The Lost Clickers of D-DayBreaking News
tags: World War II, military history, D-Day
As the 75th anniversary of the D-Day landings approaches, we are calling out to veterans and their loved ones to join the search for ‘The Lost Clickers’ used at Normandy.
Supported by The Royal British Legion and marking the upcoming anniversary, ACME Whistles is searching for any original ‘Clickers’ issued to the 101st American Airborne Division in June 1944 as a vital piece of survival equipment.
Paratroopers were dropped into darkness behind enemy lines on the night before D-Day. The darkness and the need for stealth meant that regular communication would be dangerous, so the clickers were used to overcome this. If Paras were not alone when they landed, or later detected someone close by, they were to click once.
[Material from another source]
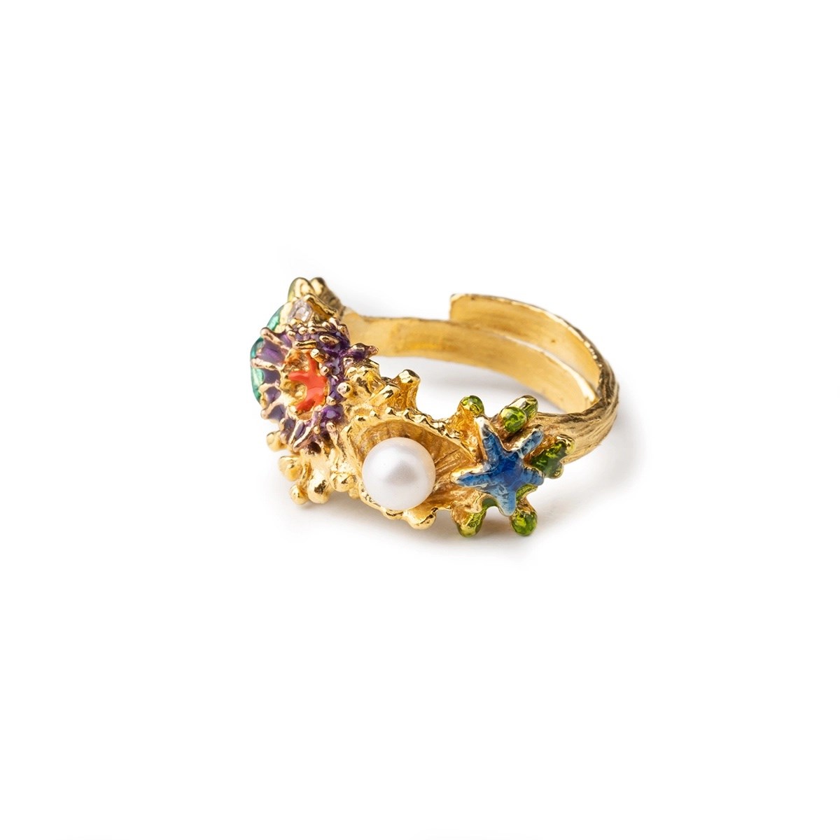 Anello donna isola bella, 20001482, collezione fondale, in argento 925 placcato oro, smalti, cubic zirconia e perle Lunghezza 2.3 cm Larghezza 1 cm Misura regolabile

Two clicks in reply meant friend, no response meant something else.
It was assumed that clickers would be captured and possibly replicated, so they were only to be used for 24 hours and after that they were banned completely.This was an organised attempt at protecting the allied war effort and gave Paras an edge over the enemy thanks to this clear and simple means of communication.
Many replica and counterfeit clickers have been found, but very few genuine originals have ever been seen. 7,000 clickers were made during the six-month period immediately before D-Day in 1944. Some were nickel plated but some were just left in plain brass, to ensure that they were ready in time for D-Day.